BEIJING, March 2 (Xinhua) -- By replacing the approval-based corporate and enterprise bond issuance system with a registration-based one, China has made new strides in easing the financing strain on cash-starved firms.
The top economic planner and securities watchdog announced on Sunday that China would begin to implement a registration-based system for the public issuance of enterprise and corporate bonds starting from March 1.
The National Development and Reform Commission (NDRC) shall register the issuance of enterprise bonds in accordance with the law, clarifying that the firms' average distributable profits over the last three years must be sufficient to pay one year of interest.
Issuers of the enterprise bonds should have a reasonable asset-debt structure and normal cash liquidity, with the raised funds encouraged to invest in projects that conform to the nation's macro-control policies and industrial policies, the NDRC said.
Under the registration-based system, the issuance period of enterprise bonds is expected to be largely reduced to two weeks, down from 2-6 months under the approval-based system, according to financial information provider Wind.
Issuance procedures were also further streamlined, which would help stimulate the enthusiasm of bond issuers, Wind said quoting industry insiders.
Meanwhile, the requirements for information disclosure and responsibilities of intermediaries including underwriting institutions, credit rating agencies and accounting firms, were strengthened under the new rule.
For the issuance of corporate bonds, the China Securities Regulatory Commission (CSRC) said in a separate circular that the Shanghai and Shenzhen stock exchanges shall process and examine the public listings, and report them to the commission for registration procedures.
Asking the two exchanges to clarify the verification standards and procedures, listing requirements, means of trading and other related matters, the CSRC said it will intensify the supervision of corporate bond issuers, strengthen the responsibilities of intermediary agencies, and protect the legitimate rights and interests of investors.
The new rule on the issuance of corporate bonds waives the requirement for the issuer's minimum net assets and stipulation that its accumulated bond balance shall not exceed 40 percent of its net assets.

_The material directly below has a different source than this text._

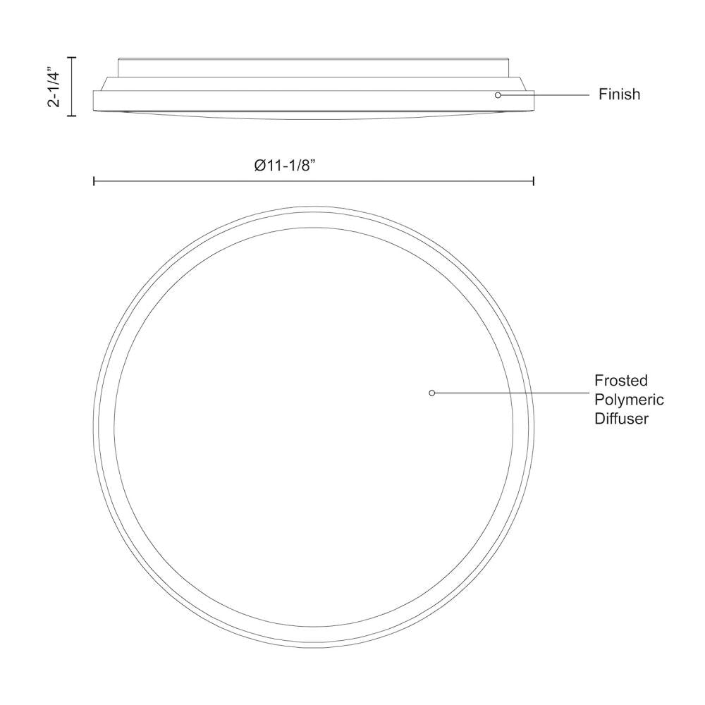 The Kuzco Brook 11-in White LED Flush Mount is a stylish and functional lighting solution. It features a circular steel base with a polymeric body and frosted acrylic lens, making it not only aesthetically pleasing but also efficient with a 17W output.

The rule also adjusted the conditions for applying for the listing of corporate bonds, removing the restriction that the term of corporate bonds should be more than one year.
With the implementation of the new rules, experts expect the firms' financing costs to be further lowered and the bond issuance scale to be enlarged, strengthening the bond market's provision of direct financing.
They will have a positive effect on the operation of China's bond market, and are conducive to improving the financing environment, preventing financial risks and promoting the high-quality development of the financial market, said Ming Ming, an analyst with CITIC Securities.
In addition, the new rules will greatly mitigate the current financing difficulties of enterprises amid the epidemic and boost financing support for the real economy, Ming said.
China's revised Securities Law went into effect on the same day, a milestone in the country's capital market reform. The new law outlines regulation details in securities issuance and trading, the takeover of listed companies, information disclosure and investor protection, among others.